Integral

[cristina]

Int (x+ arcsin (x))/(sqrt(1-x^2))

It's not working when I put U = (x+ arcsin (x)) and dU= 1/(sqrt(1-x^2)
Is there anyway to solve it?

Thanks

[Muzza]

If u = x + arcsin(x), then du = (1 + 1/sqrt(1 - x^2))dx. Maybe that's why it "isn't working".

[Galileo]

Split the integral and remember (or look up) the derivative of arcsin(x)

[Zurtex]

As Galileo says:

\int \frac{x + \arcsin x}{\sqrt{1 + x^2}} dx = \int \frac{x}{\sqrt{1 + x^2}} dx + \int \frac{\arcsin x}{\sqrt{1 + x^2}}dx

Which makes the former integral of that quite easy, however the latter integral is of the form f(x) / f'(x) which has no standard result. Although it does have a solution it is very long and extremely complex, are you sure this is the integral you were given?

[Galileo]

As Galileo says:

\int \frac{x + \arcsin x}{\sqrt{1 + x^2}} dx = \int \frac{x}{\sqrt{1 + x^2}} dx + \int \frac{\arcsin x}{\sqrt{1 + x^2}}dx

Which makes the former integral of that quite easy, however the latter integral is of the form f(x) / f'(x) which has no standard result. Although it does have a solution it is very long and extremely complex, are you sure this is the integral you were given?
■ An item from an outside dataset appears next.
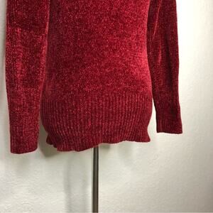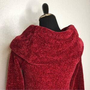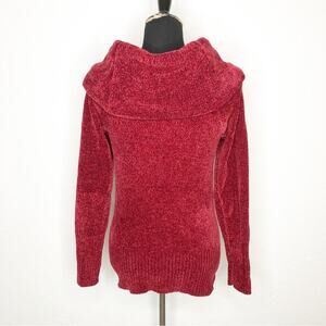 WHBM dark red velour chenille knit cowl neck sweater. Pullover style with oversized cowl neckline. Can be worn off shoulder. Ribbed hemline and sleeve cuffs. Super soft chenille knit. Size Medium Petite. Excellent preowned condition.

The integrand is \frac{\arcsin x}{\sqrt{1 - x^2}}
with a minus sign, so the integrand has the form f(x)f'(x) :smile:

[Zurtex]

I'm really sorry, I don't know where my mind went, your totally right.

[cristina]

Can I do it with UV - Integra (VdU)

[Zurtex]

Can I do it with UV - Integra (VdU)
Your probably can but both the integrals are simple substiutions.

[cristina]

can you explain more pls?

[Zurtex]

Whenever you have an integral of the form:

\int gf(x) * a * f'(x) dx

Where 'a' is some constant, then if you use the substitution u = f(x) you get:

du = f'(x)dx

a \int g(u) du

You can do this quite easily with both your integrals to get fairly easy integrals.